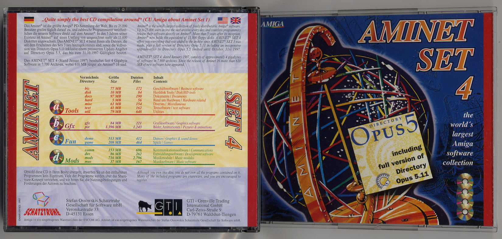 Aminet Set #1 to #12 contains 4 cd in every cd-cover, but from #48 they came out as single cd's upto #52 from which Internet took over the archiving and no more cd's were produced or sold in this style.
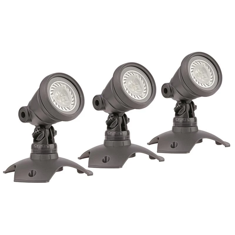 - Im Lieferumfang enthalten: 1 bzw. 3 Scheinwerfer, Trafo 12V, Gummischlauchleitung, 1 bzw. 3 Erdspieße
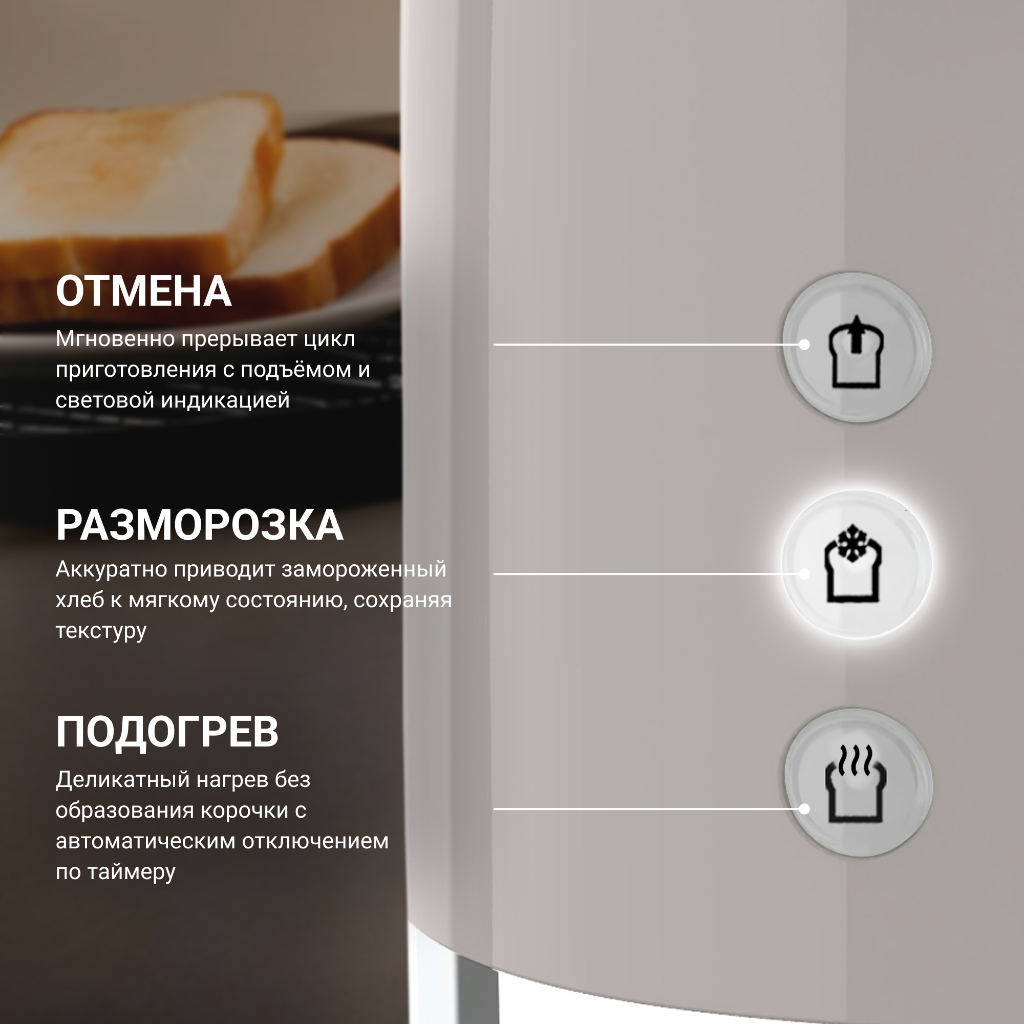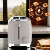 Функциональность модели включает возможность принудительной остановки процесса - тостер мгновенно прекращает работу по нажатию кнопки. Режим подогрева восстанавливает температуру готовых тостов, не изменяя выбранную степень обжарки, а алгоритм разморозки аккуратно приводит замороженный хлеб к мягкому состоянию и затем равномерно поджаривает его.
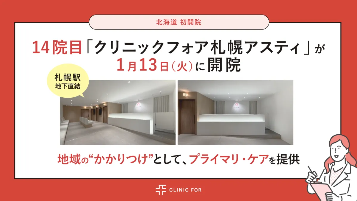 2026年1月13日(火)、札幌駅地下街に新たに開院した「クリニックフォア札幌アスティ」は、北海道におけるプライマリ・ケアの新たな拠点です。14院目となるこちらのクリニックは、対面診療とオンライン診療を同時に提供し、地域の医療ニーズに応えます。
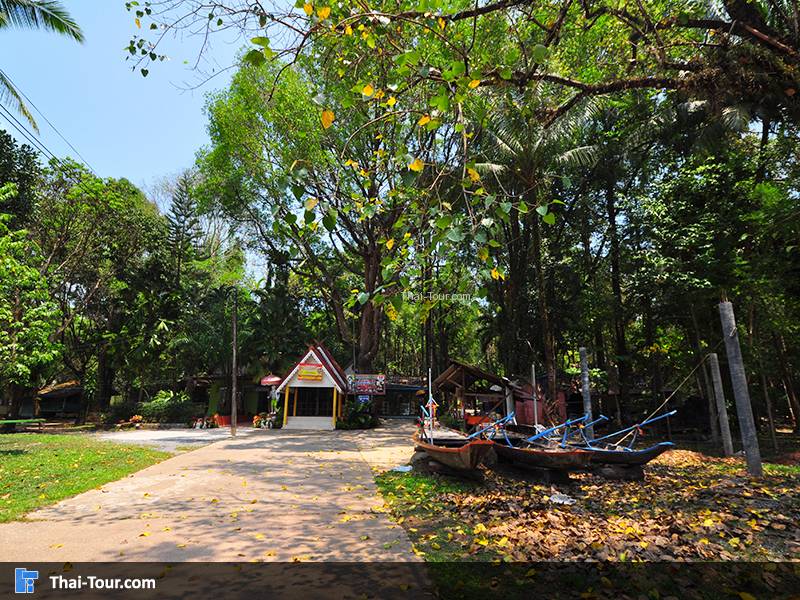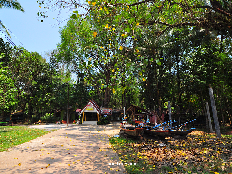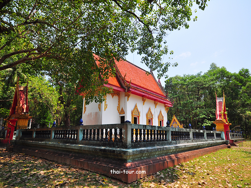 ตั้งอยู่หลักกิโลเมตรที่ 31-32 ถนนตราด-คลองใหญ่ (ทางหลวงหมายเลข 318) ตามเส้นทางไปคลองใหญ่ มีทางแยกทางซ้ายมือจากถนนเข้าสู่วัด วัดนี้ไม่ปรากฏว่าสร้างในสมัยใด สันนิษฐานว่ามีอายุไม่ต่ำกว่า 100 ปี กลางสระน้ำมีโบสถ์เก่าแก่ และอยู่ห่างวัดประมาณ 1 กิโลเมตร มีสันหินเชื่อมสองฝั่งคลองใช้เป็นทางคมนาคม
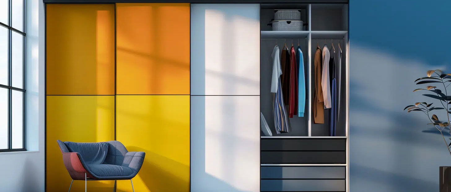 It has sliding doors that slide from side to side on metal tracks linked to the top and bottom of the wardrobe, rather than hinges.
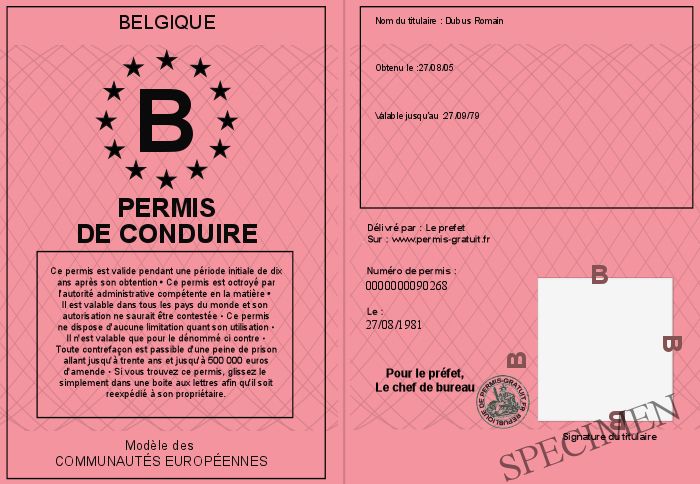 Envoyez par email le Permis de conduire personalisé par la Belgique ! Personnaliser mon permis
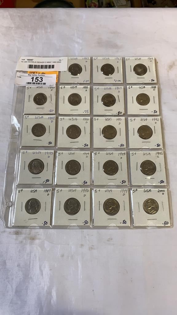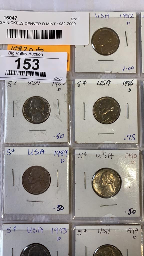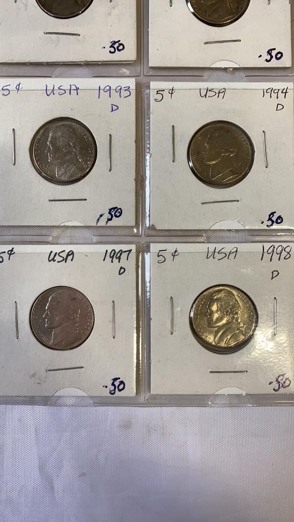 19 USA NICKELS DENVER D MINT 1982-2000 D ALL DATES
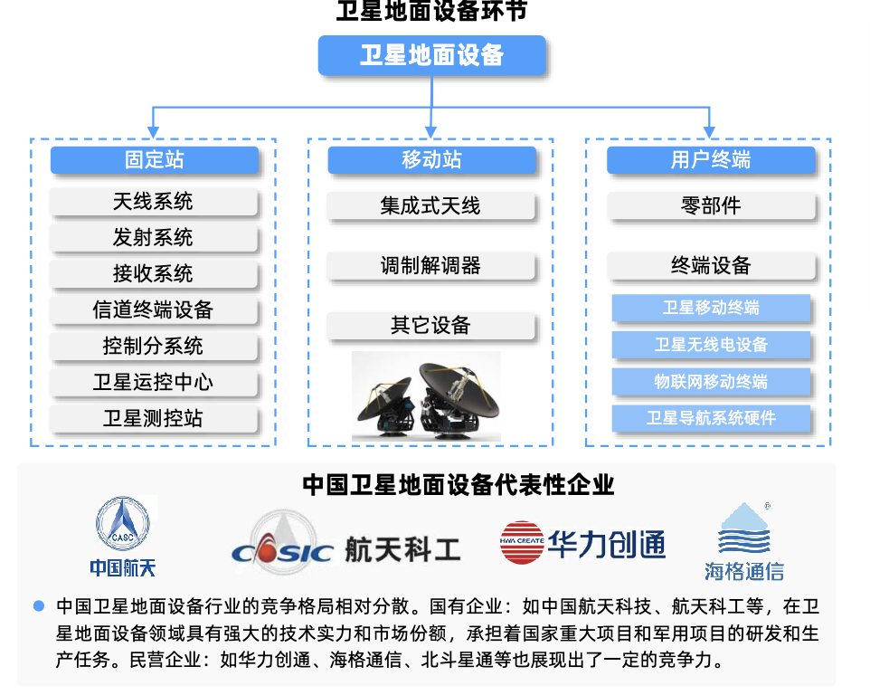地面设备主要包括固定地面站、移动地面站和用户终端。
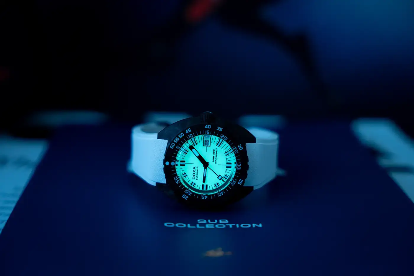 Výše uvedené diverské hodinky řady SUB 300 se vyznačují tlakově odolným karbonovým pouzdrem o rozměrech 42,5 mm x 45 mm , které kromě toho, že je lehké, a proto praktické, chrání Machineek a šroubovací korunku s exkluzivním symbolem ryby Doxy. Jeho třída vodotěsnosti je 300 metrů , což odpovídá asi 980 stopám. Ouška pouzdra jsou připevněna k bílému pruhu s názvem DOXA na obou stranách, nastavitelným prodloužením a černou skládací sponou potaženou PVD zdobenou luxusním symbolem DOXA Fish. Díky jedinečnému ráčnovému mechanismu zabudovanému do inovativní, flexibilní spony jsou hodinky snadno nastavitelné na zápěstí v neoprenu.
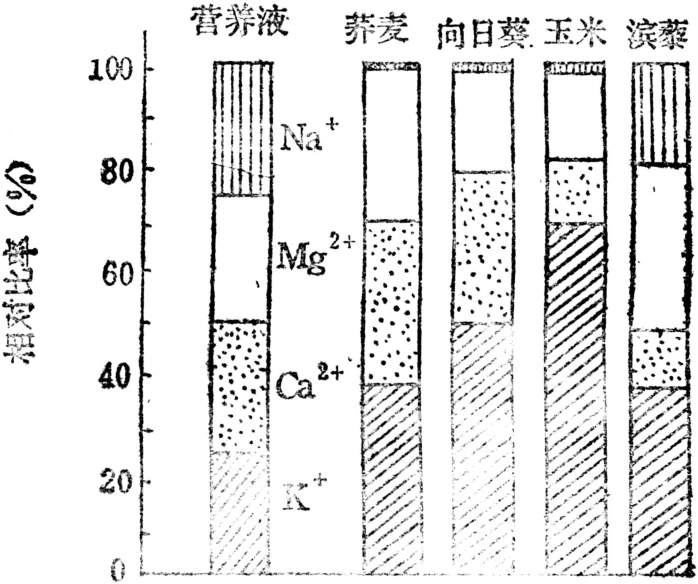 图1 不同植物对离子的选择吸收
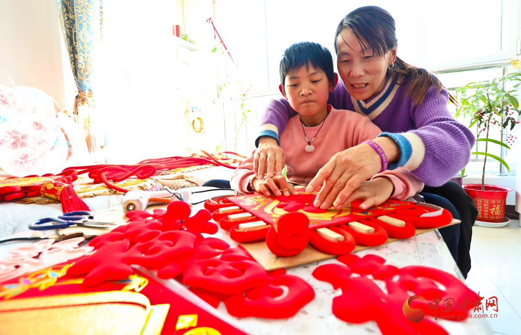 1月6日,甘肅民樂(lè)生態(tài)工業(yè)園區(qū)的巾幗扶貧車(chē)間內(nèi),女工們正在教授小朋友編織中國(guó)結(jié)。
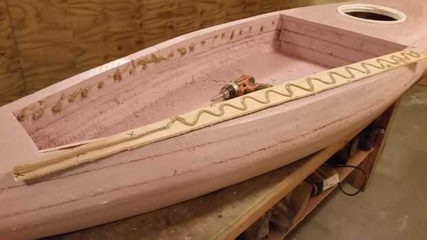 El barco flex cuando golpeando en las ondas, los rieles de madera en el borde de la bañera son necesarias para mantener el casco de doblar demasiado. Hice mis rieles de trozos de madera, hay una pausa en cada larguero aproximadamente un pie de la parte delantera de la cabina. La fuerza de la flexión del casco causó la piel tela rasgar justo a cada rotura en los rieles.
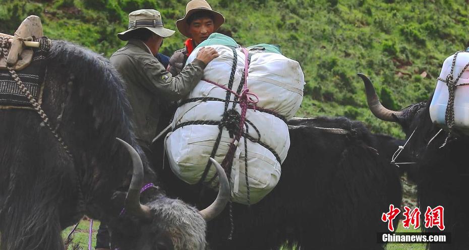 圖為牧民讓牦牛背上“行李”轉(zhuǎn)場(chǎng)。 仁青多杰 攝
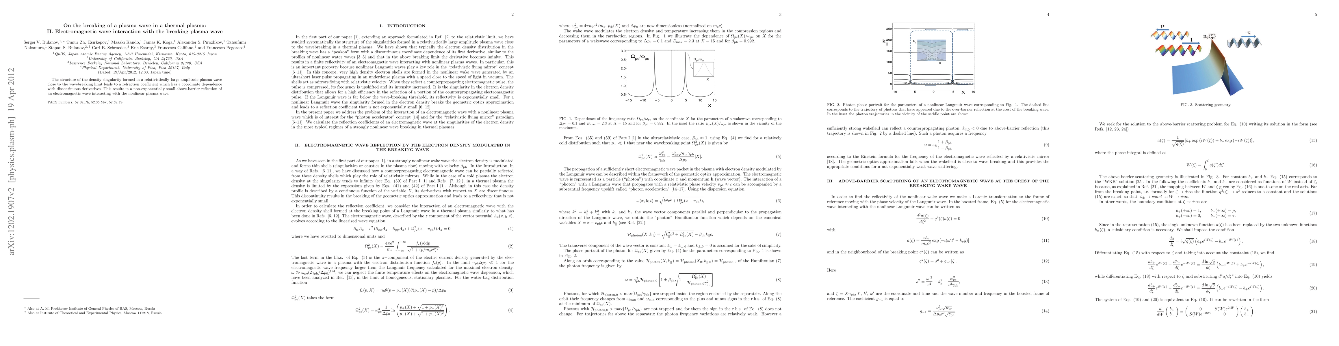Summary: The study investigates the interaction of an electromagnetic wave with a breaking plasma wave near the wavebreaking limit, revealing a density singularity that causes a refraction coefficient with discontinuous derivatives, leading to a non-exponentially small above-barrier reflection.
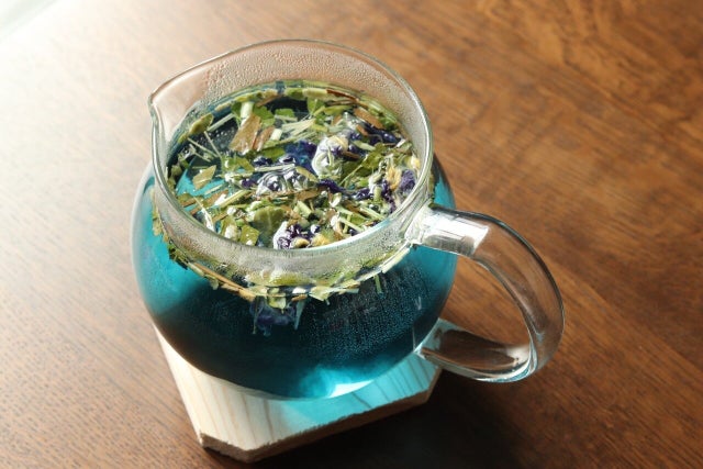 初めて上勝晩茶を飲む方ですと発酵茶独特の酸味を感じる方が多いのですが、今回初心者の方でも無理なく取り入れて頂けるように同じ徳島県産の6種類のハーブ(クロモジ・ビワ葉・明日葉・クコ葉・ハスの葉・ヨモギ)を加え、上勝晩茶50%、残りの50%をこの6種類のハーブを使い、飲みやすい比率で調合し相乗効果にアプローチした仕上がりとなっています。
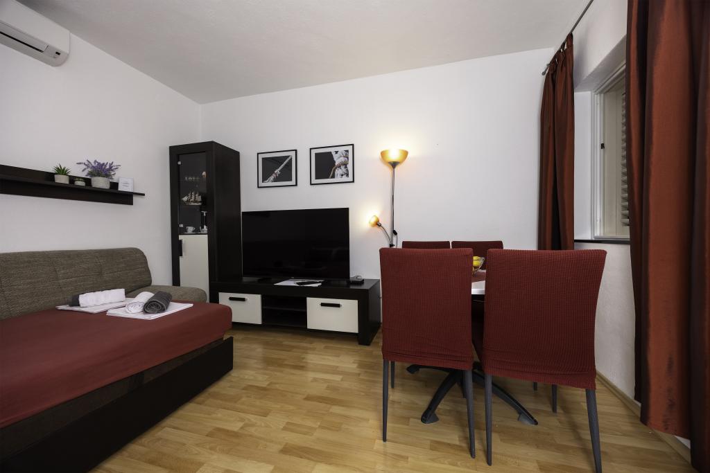Stanovanje se nahaja v bližini plaže, ca. 1-2 minut hoje. Klimatska naprava v obeh sobah s posebnim daljinskim upravljalnikom, balkon na Biokovo, super parkiranje. Šefi so bili zelo vljudni in prijetno. Apartma lahko priporočam.

What to work on — When you reach the line with "It has sliding" in the entries above, start copying, and go on word for word to the last line; skip any picture.

Written answer —
 It has sliding doors that slide from side to side on metal tracks linked to the top and bottom of the wardrobe, rather than hinges.
 Envoyez par email le Permis de conduire personalisé par la Belgique ! Personnaliser mon permis
 19 USA NICKELS DENVER D MINT 1982-2000 D ALL DATES
地面设备主要包括固定地面站、移动地面站和用户终端。
 Výše uvedené diverské hodinky řady SUB 300 se vyznačují tlakově odolným karbonovým pouzdrem o rozměrech 42,5 mm x 45 mm , které kromě toho, že je lehké, a proto praktické, chrání Machineek a šroubovací korunku s exkluzivním symbolem ryby Doxy. Jeho třída vodotěsnosti je 300 metrů , což odpovídá asi 980 stopám. Ouška pouzdra jsou připevněna k bílému pruhu s názvem DOXA na obou stranách, nastavitelným prodloužením a černou skládací sponou potaženou PVD zdobenou luxusním symbolem DOXA Fish. Díky jedinečnému ráčnovému mechanismu zabudovanému do inovativní, flexibilní spony jsou hodinky snadno nastavitelné na zápěstí v neoprenu.
 图1 不同植物对离子的选择吸收
 1月6日,甘肅民樂(lè)生態(tài)工業(yè)園區(qū)的巾幗扶貧車(chē)間內(nèi),女工們正在教授小朋友編織中國(guó)結(jié)。
 El barco flex cuando golpeando en las ondas, los rieles de madera en el borde de la bañera son necesarias para mantener el casco de doblar demasiado. Hice mis rieles de trozos de madera, hay una pausa en cada larguero aproximadamente un pie de la parte delantera de la cabina. La fuerza de la flexión del casco causó la piel tela rasgar justo a cada rotura en los rieles.
 圖為牧民讓牦牛背上“行李”轉(zhuǎn)場(chǎng)。 仁青多杰 攝
Summary: The study investigates the interaction of an electromagnetic wave with a breaking plasma wave near the wavebreaking limit, revealing a density singularity that causes a refraction coefficient with discontinuous derivatives, leading to a non-exponentially small above-barrier reflection.
 初めて上勝晩茶を飲む方ですと発酵茶独特の酸味を感じる方が多いのですが、今回初心者の方でも無理なく取り入れて頂けるように同じ徳島県産の6種類のハーブ(クロモジ・ビワ葉・明日葉・クコ葉・ハスの葉・ヨモギ)を加え、上勝晩茶50%、残りの50%をこの6種類のハーブを使い、飲みやすい比率で調合し相乗効果にアプローチした仕上がりとなっています。
Stanovanje se nahaja v bližini plaže, ca. 1-2 minut hoje. Klimatska naprava v obeh sobah s posebnim daljinskim upravljalnikom, balkon na Biokovo, super parkiranje. Šefi so bili zelo vljudni in prijetno. Apartma lahko priporočam.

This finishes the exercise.